* [Dataset extract]:

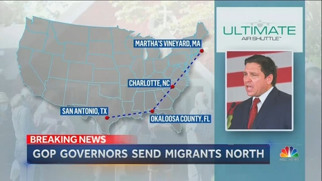 7:01:43 p.m. EasternLESTER HOLT: Good evening, everyone. The nation's migrant crisis landing at an unfamiliar doorstep tonight nearby 50 Venezuelan migrants flown from Texas at the direction of Florida's Republican Governor to a Democratic enclave in Massachusetts. Their arrival at Martha's Vineyard captured in this video provided by Governor Ron DeSantis's office from a source on the ground.
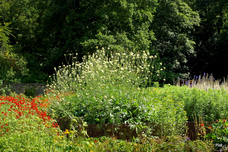 Olbrzymie, rozrośnięte kepy głowaczka olbrzymiego w ogrodzie kuchennym w Chatsworth (Derbyshire, UK)
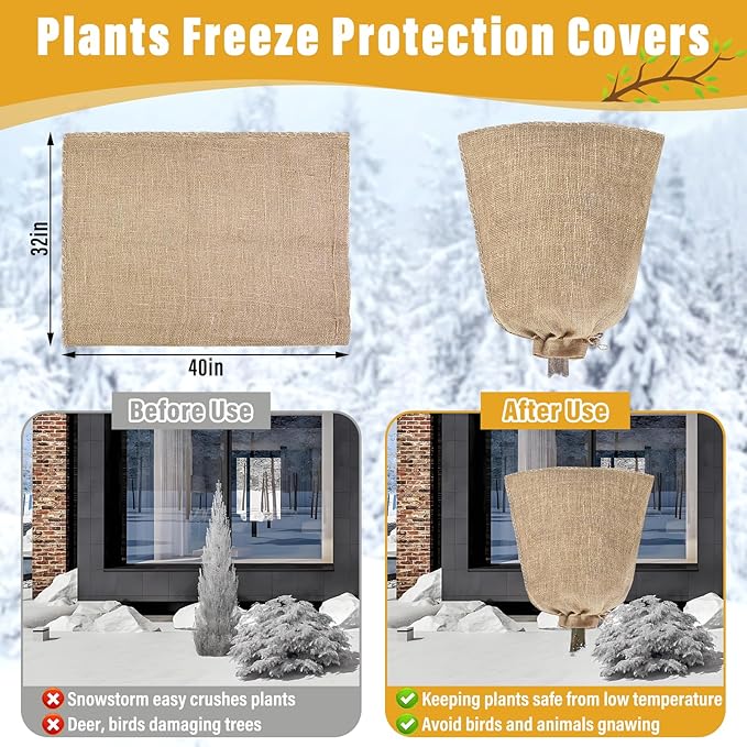 - Package Include: You will get 4 pcs winter burlap covers for plants, size 32×40 inch. The burlap plant frost protection bags are designed to protect outdoor upright plants and potted plants, they can against winter cold and frost, also serves as a physical barrier keep out birds and animals from gnawing, providing a full protection for your plants! We suggested you choose sack size larger than plants for meet growth.
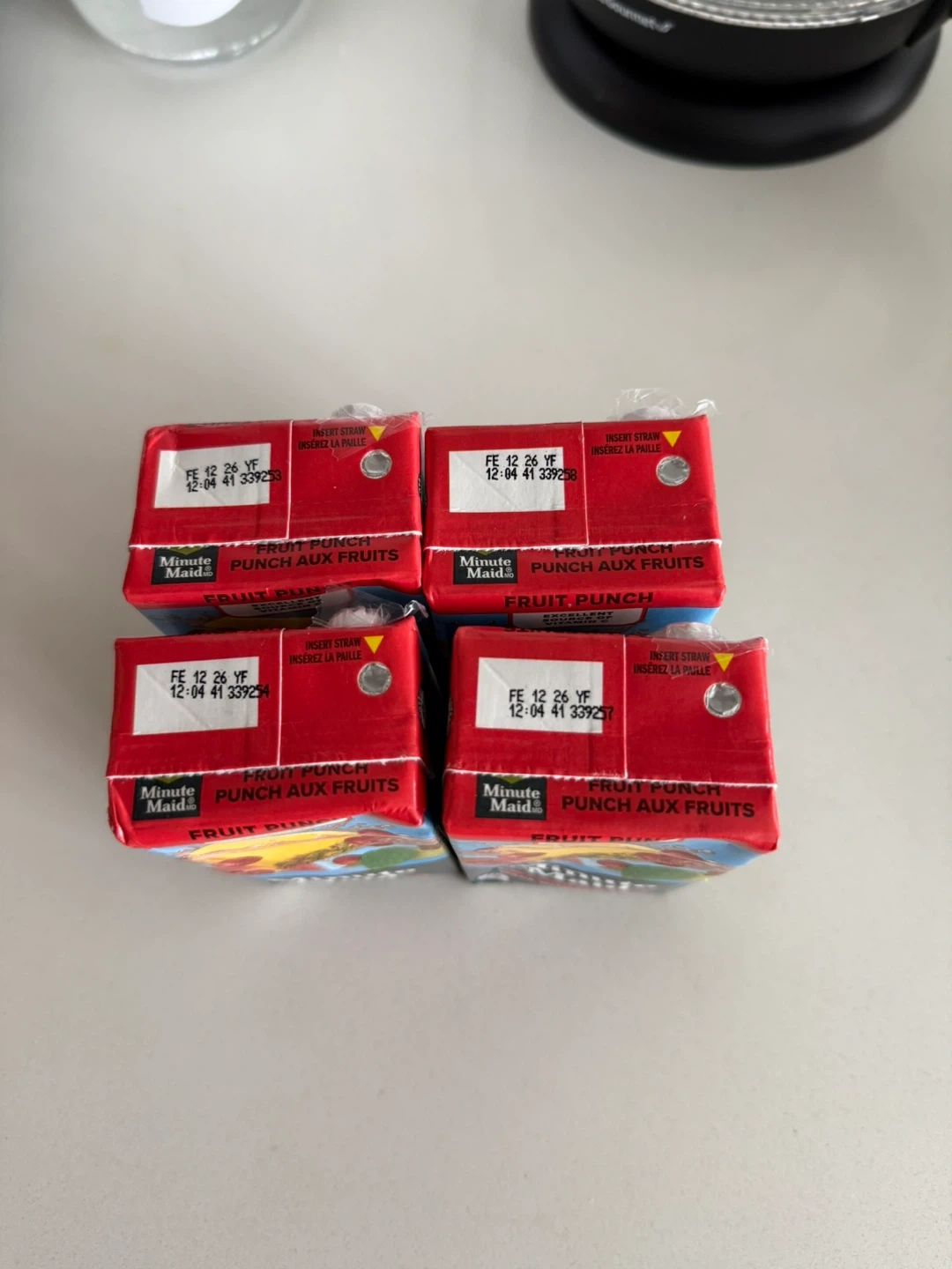 Four 200ml boxes of Minute Maid Fruit Punch.

* [What you have to do]:
Would you transcribe all of the data exactly, apart from its pictures?

* [Written response]:
 7:01:43 p.m. EasternLESTER HOLT: Good evening, everyone. The nation's migrant crisis landing at an unfamiliar doorstep tonight nearby 50 Venezuelan migrants flown from Texas at the direction of Florida's Republican Governor to a Democratic enclave in Massachusetts. Their arrival at Martha's Vineyard captured in this video provided by Governor Ron DeSantis's office from a source on the ground.
 Olbrzymie, rozrośnięte kepy głowaczka olbrzymiego w ogrodzie kuchennym w Chatsworth (Derbyshire, UK)
 - Package Include: You will get 4 pcs winter burlap covers for plants, size 32×40 inch. The burlap plant frost protection bags are designed to protect outdoor upright plants and potted plants, they can against winter cold and frost, also serves as a physical barrier keep out birds and animals from gnawing, providing a full protection for your plants! We suggested you choose sack size larger than plants for meet growth.
 Four 200ml boxes of Minute Maid Fruit Punch.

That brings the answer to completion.